━━━━━ Listed records ━━━━━

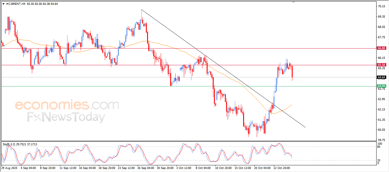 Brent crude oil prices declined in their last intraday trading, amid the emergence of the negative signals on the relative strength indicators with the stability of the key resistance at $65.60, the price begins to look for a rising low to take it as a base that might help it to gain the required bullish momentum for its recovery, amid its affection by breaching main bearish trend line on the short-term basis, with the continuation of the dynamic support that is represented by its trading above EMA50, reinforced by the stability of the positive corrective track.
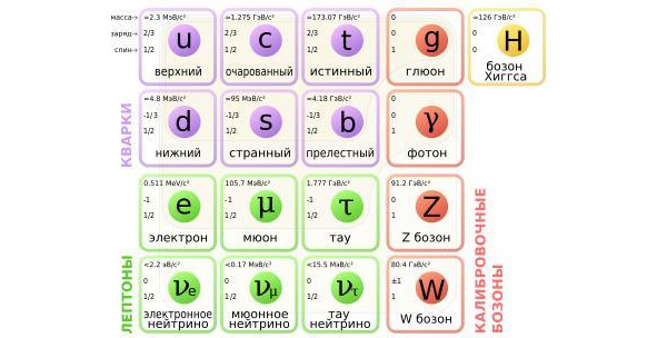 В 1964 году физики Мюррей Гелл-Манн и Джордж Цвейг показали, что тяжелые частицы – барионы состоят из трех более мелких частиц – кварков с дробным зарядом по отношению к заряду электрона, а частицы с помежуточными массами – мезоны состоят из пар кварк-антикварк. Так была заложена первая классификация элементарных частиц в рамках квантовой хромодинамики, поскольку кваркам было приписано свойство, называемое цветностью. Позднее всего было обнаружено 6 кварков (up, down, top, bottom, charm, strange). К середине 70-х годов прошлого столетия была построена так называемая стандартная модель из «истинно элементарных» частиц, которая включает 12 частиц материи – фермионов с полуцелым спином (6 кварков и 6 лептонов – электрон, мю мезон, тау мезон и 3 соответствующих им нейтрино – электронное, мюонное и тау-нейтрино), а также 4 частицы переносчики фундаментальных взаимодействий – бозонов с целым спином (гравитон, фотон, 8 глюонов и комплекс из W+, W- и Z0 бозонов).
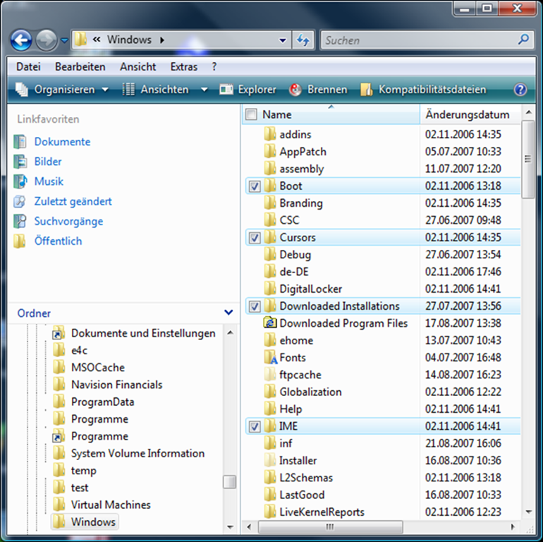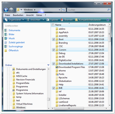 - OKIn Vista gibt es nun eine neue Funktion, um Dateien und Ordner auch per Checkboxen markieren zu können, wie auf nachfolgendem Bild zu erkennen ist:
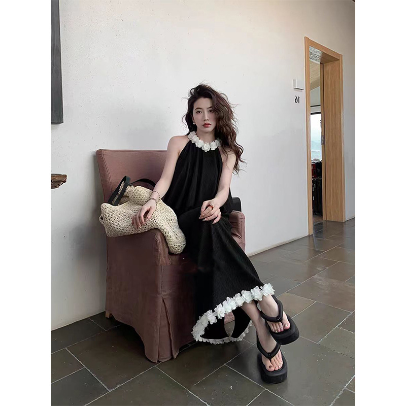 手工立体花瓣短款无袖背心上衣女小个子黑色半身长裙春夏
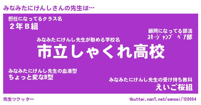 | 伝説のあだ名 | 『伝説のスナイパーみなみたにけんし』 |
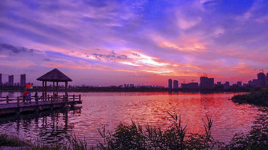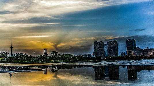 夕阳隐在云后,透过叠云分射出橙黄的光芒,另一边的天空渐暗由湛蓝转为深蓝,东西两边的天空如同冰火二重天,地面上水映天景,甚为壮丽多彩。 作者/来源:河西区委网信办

━━━━━
━━━━━ Listed records ━━━━━

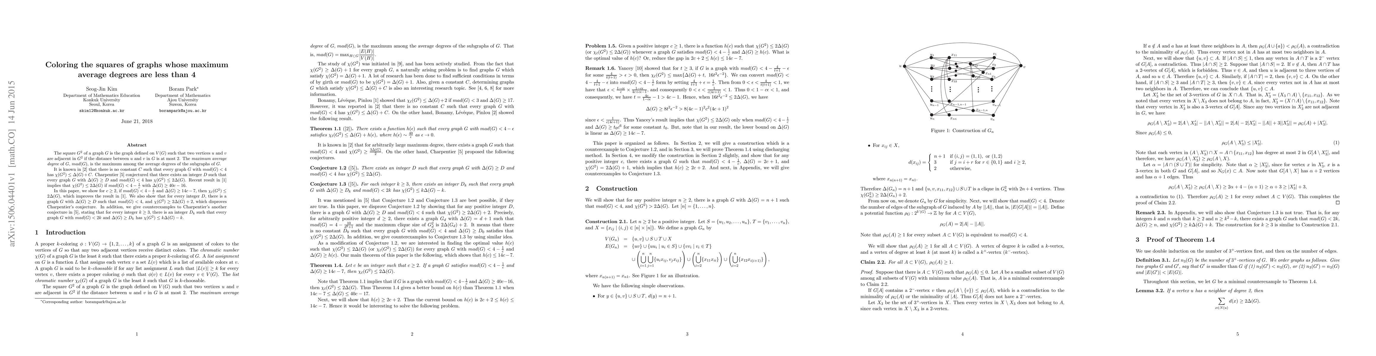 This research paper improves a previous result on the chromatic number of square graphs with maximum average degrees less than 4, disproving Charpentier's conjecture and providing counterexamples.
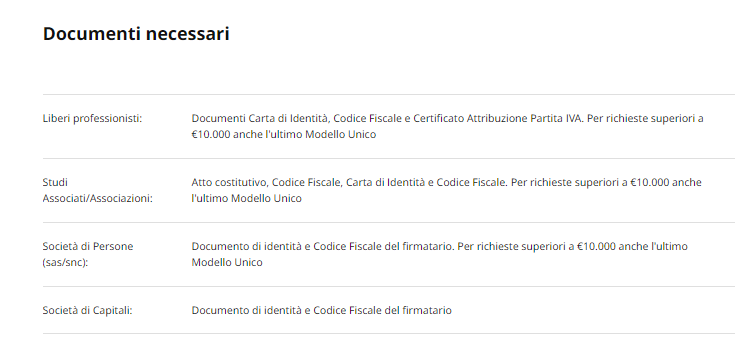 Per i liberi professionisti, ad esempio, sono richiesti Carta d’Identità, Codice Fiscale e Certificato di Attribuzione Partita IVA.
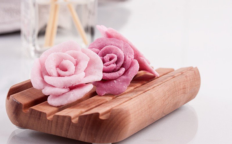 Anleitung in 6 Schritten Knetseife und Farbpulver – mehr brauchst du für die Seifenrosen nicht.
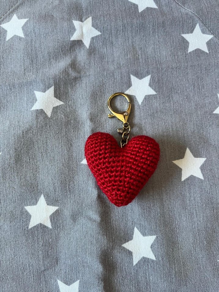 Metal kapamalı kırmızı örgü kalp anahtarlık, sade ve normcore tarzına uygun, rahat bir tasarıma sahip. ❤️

━━━━━

> Exercise requirements
Everything from the line with "手工立体花瓣短款无袖背心上衣女小个子黑色半身长裙春夏" down to the line with "夕阳隐在云后,透过叠云分射出" in the data above should be copied exactly, with both end lines kept and the pictures left out.

> Result for this exercise
 手工立体花瓣短款无袖背心上衣女小个子黑色半身长裙春夏
 | 伝説のあだ名 | 『伝説のスナイパーみなみたにけんし』 |
 夕阳隐在云后,透过叠云分射出橙黄的光芒,另一边的天空渐暗由湛蓝转为深蓝,东西两边的天空如同冰火二重天,地面上水映天景,甚为壮丽多彩。 作者/来源:河西区委网信办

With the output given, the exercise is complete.